Could you imagine these eyes having cataracts? How about not being able to see at all? Those aren't things a 6 year old- or any child- has to worry about,right? Oh how I wish that were true.
I'm a member of a few different support groups and even though I don't post all that often I've gotten some great advice over the years. Uveitis.org is another wonderful resource I've come to rely on. I read something there yesterday that stopped me in my tracks. There was a mother who asked Dr. Foster about her 6 year old daughters chronic uveitis. (Sounds a little too familiar don't ya think??) She had been told by another doctor that no matter what her daughter will develop a cataract due to the steroid drops. It doesn't matter how long or how often the drops are used, the steroid drops cause cataracts. Dr. Foster agrees with the other doctor. He says that in 50% of patients at 850 drops a cataract begins. It doesn't matter if those 850 drops were used in 6 months or over many, many years of use. It will happen and there is nothing that can be done to prevent it. So it looks like we can add cataracts to Jordan's list of issues. I have no idea how many drops we've used in the last 3+ years but it's been a lot. Hopefully she'll go into remission but her eyes are not responding to the Enbrel. I'm afraid we're going to have to move onto Remicade. I've read that most JRA kids with uveitis respond well to Remicade but it's an IV infusion done over a 2 hour period at the hospital. Not exactly something we really want to do. Of course, if it comes down to it we'll do the Remicade.
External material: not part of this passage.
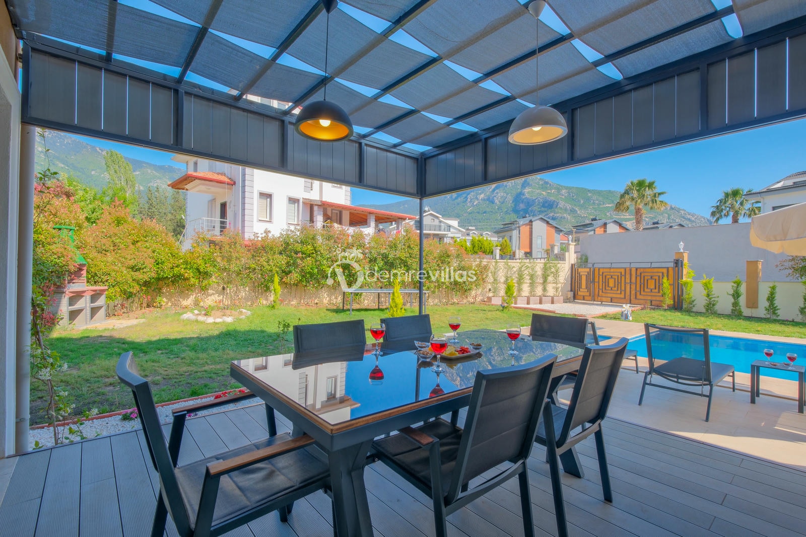 Fethiye Hisörönü mevkiinde yer alan villa, sizlere huzurlu bir konaklama deneyimi sunuyor. 3 yatak odasıyla 6 kişilik konaklama kapasitesine sahip olan villamız, geniş aileler için ideal bir tercihtir. Ferah iç mekanları ve zarif tasarımı ile göz dolduran villa, doğa manzarasına hakimdir.

All this has taken a toll on Jordan. She doesn't feel like a regular kid, she doesn't know what it's like to not have JRA & uveitis. Regular kids don't have to stick a needle in their thigh once a week and see 3 or 4 different doctors all the time. Or take medicines that make you feel sick. Not to mention all the blood tests. This disease has taken away enough from Jordan. I'll be damned if it's going to take her sight too.